AI Analysis: Lumber production, shipments, and stocks by species, monthly

Category: environment

Executive Summary

Statistics Canada's monthly lumber dataset (Table 16100017) covers 144 months of production, shipments, and stocks across 15 Canadian regions and 27 product categories from January 2014 to December 2025, totalling 51,240 rows and 405 unique data series. Canadian total softwood and hardwood production peaked at 6,062.6 thousand cubic metres in March 2017 but has since declined sharply, with December 2025 output of 2,905.2 thousand cubic metres sitting roughly 52% below that peak and well under the long-run monthly average of 4,779.6 thousand cubic metres.
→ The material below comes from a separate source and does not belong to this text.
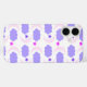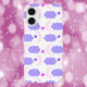 Do you like celestial theme phone cases? This phone case has a pattern of moon, stars and clouds in various shades of pink and purple.

Despite this production decline, the data is remarkably stable and consistent, with only one statistical outlier detected across all categories over the full 12-year period.

Key Findings

  • Canadian lumber production peaked at 6,062.6 thousand cubic metres in March 2017 and has fallen approximately 52% to 2,905.2 thousand cubic metres by December 2025, well below the 12-year monthly average of 4,779.6 thousand cubic metres.
  • The dataset is strongly right-skewed: the median value is just 15.2 thousand cubic metres versus a mean of 479.5, with 25% of all 33,736 valid records reporting a value of zero, reflecting many inactive regional or species combinations.
  • Total softwood and hardwood stocks for Canada hold the highest average value in the dataset at 7,221.2 thousand cubic metres, consistently exceeding production and shipment averages and suggesting ongoing inventory accumulation.
  • Spruce, Pine, and Fir (SPF) is the dominant lumber species, appearing in the top 10 rankings for stocks, production, and shipments at the national level, while British Columbia is the only province to appear in the top 10 with average softwood and hardwood stocks of 2,869.6 thousand cubic metres.
  • The bottom 10 ranked categories are all 'All other softwood, not elsewhere specified' entries from provinces such as Alberta, Manitoba, Nova Scotia, and Saskatchewan, each averaging essentially 0.0 thousand cubic metres, indicating negligible or unreported activity.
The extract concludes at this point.